Items from a data source
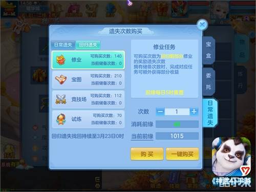 激活老角色回归资格后,少侠在完成日常领取200、400活跃度礼盒可获得前缘值,前往【聚宝盒】-【回归遗失】分页消耗前缘值可购买日常玩法储备次数,前缘值每日5:00重置,维护后登录仍处于回归状态的角色,也将可获得前缘值购买日常遗失次数。
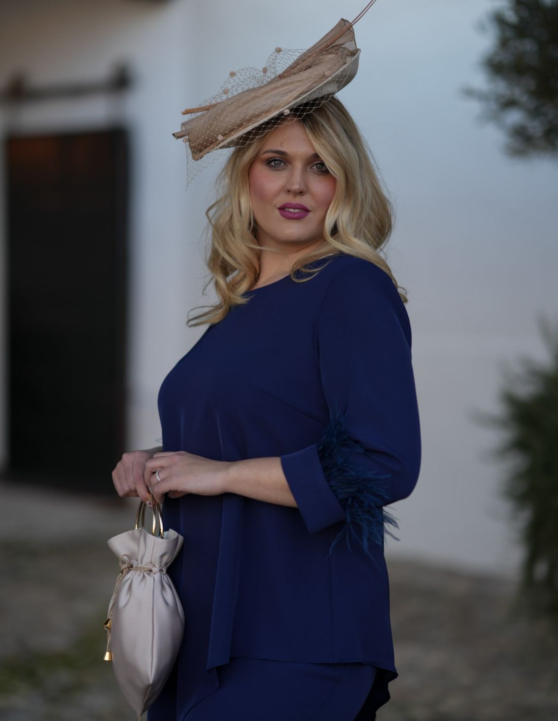 Si quieres lucir espectacular pero no te apetece recurrir al vestido, este conjunto de invitada te hará brillar. Diseñado con un blusón fluido con manga francesa y detalle de plumas en los puños. En la parte del escote, un detalle de lágrima, sutil y elegante. La parte de abajo, un pantalón con linea recta, muy favorecedor. Ambas piezas en color marino, elegante y sofisticado que podrás lucir en casi cualquier temporada del año. Ideal para boda, comunión, bautizo...
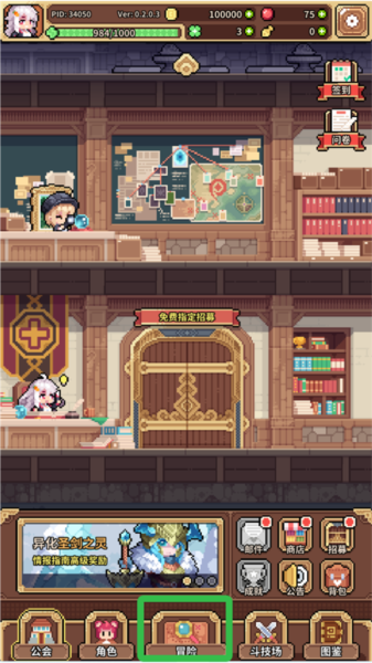 1、进入游戏后,点击冒险进行战斗;
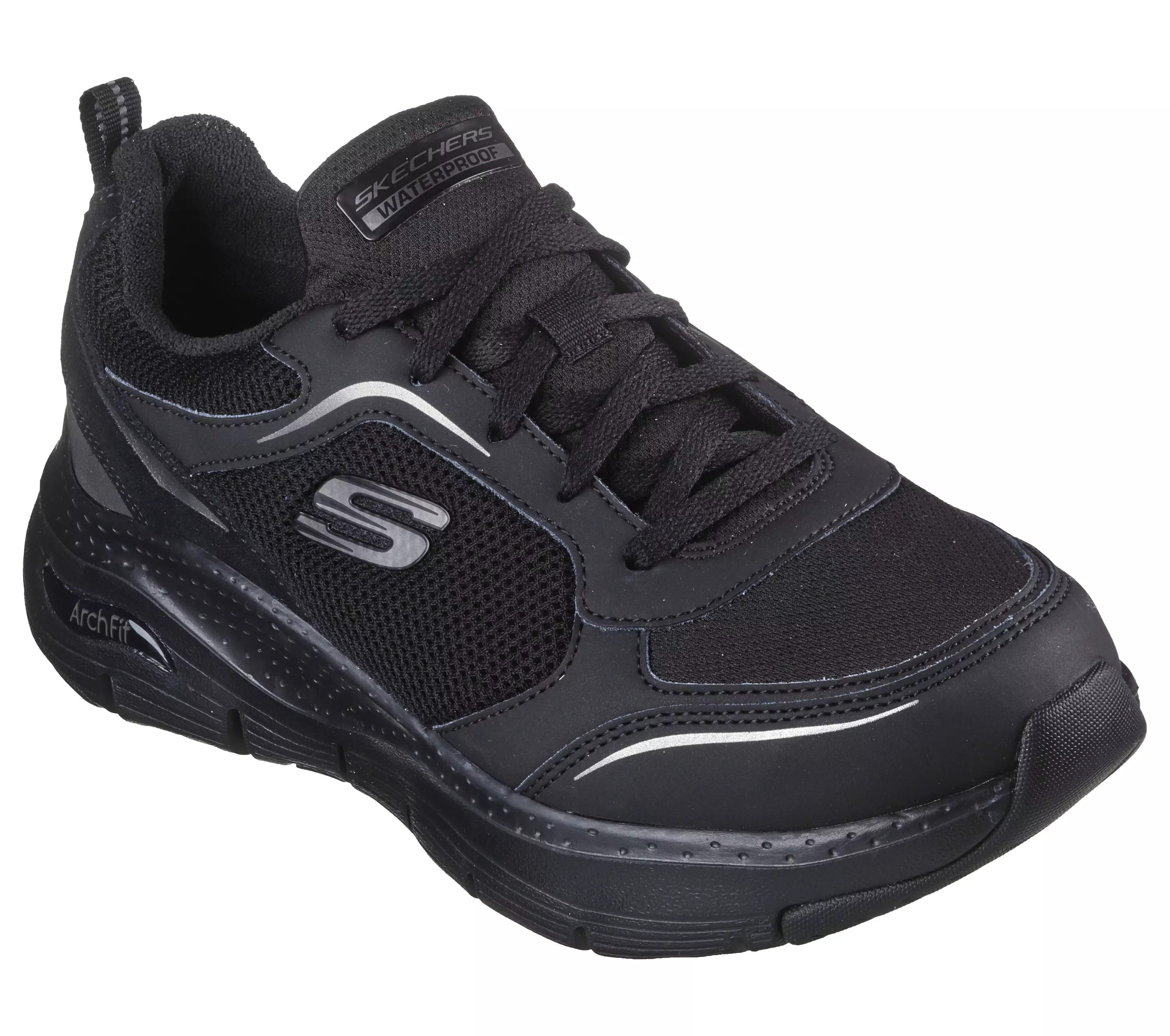 Vedenpitävät ArcFit Skechers -tennarit, jotka antavat tukea jalan holvikaarelle.
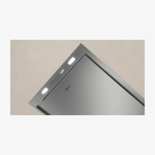 The N 50 i95CAQ6N0B is a 90 cm stainless steel ceiling cooker hood designed to sit flush with the ceiling for an open, clear kitchen. Suitable for installation in the ceiling as an island or ceiling hood, it offers ducted extraction or recirculation with an energy efficiency class A rating. With cooktop–based hood control, remote control, dimmable LED lighting and an efficient, quiet motor, it provides powerful extraction for modern kitchens.
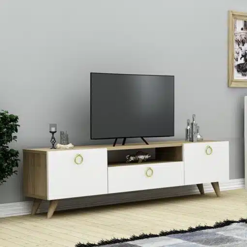 מזנון טלוויזיה רוחב 140 ס"מ משולב עם לבן וגוון אלון , בעל תאי אחסון נפתחים על ידי קלאפות ומדף פתוח במרכז עבור הממיר. המזנון עשוי מעץ מתועש עם חיפוי מלמין יצוק.

_THE TASK_
Starting with the first line of the data above and ending with the line containing "Vedenpitävät ArcFit Skechers", please restate every line exactly, leaving images out.

_FINISHED EXERCISE_
 激活老角色回归资格后,少侠在完成日常领取200、400活跃度礼盒可获得前缘值,前往【聚宝盒】-【回归遗失】分页消耗前缘值可购买日常玩法储备次数,前缘值每日5:00重置,维护后登录仍处于回归状态的角色,也将可获得前缘值购买日常遗失次数。
 Si quieres lucir espectacular pero no te apetece recurrir al vestido, este conjunto de invitada te hará brillar. Diseñado con un blusón fluido con manga francesa y detalle de plumas en los puños. En la parte del escote, un detalle de lágrima, sutil y elegante. La parte de abajo, un pantalón con linea recta, muy favorecedor. Ambas piezas en color marino, elegante y sofisticado que podrás lucir en casi cualquier temporada del año. Ideal para boda, comunión, bautizo...
 1、进入游戏后,点击冒险进行战斗;
 Vedenpitävät ArcFit Skechers -tennarit, jotka antavat tukea jalan holvikaarelle.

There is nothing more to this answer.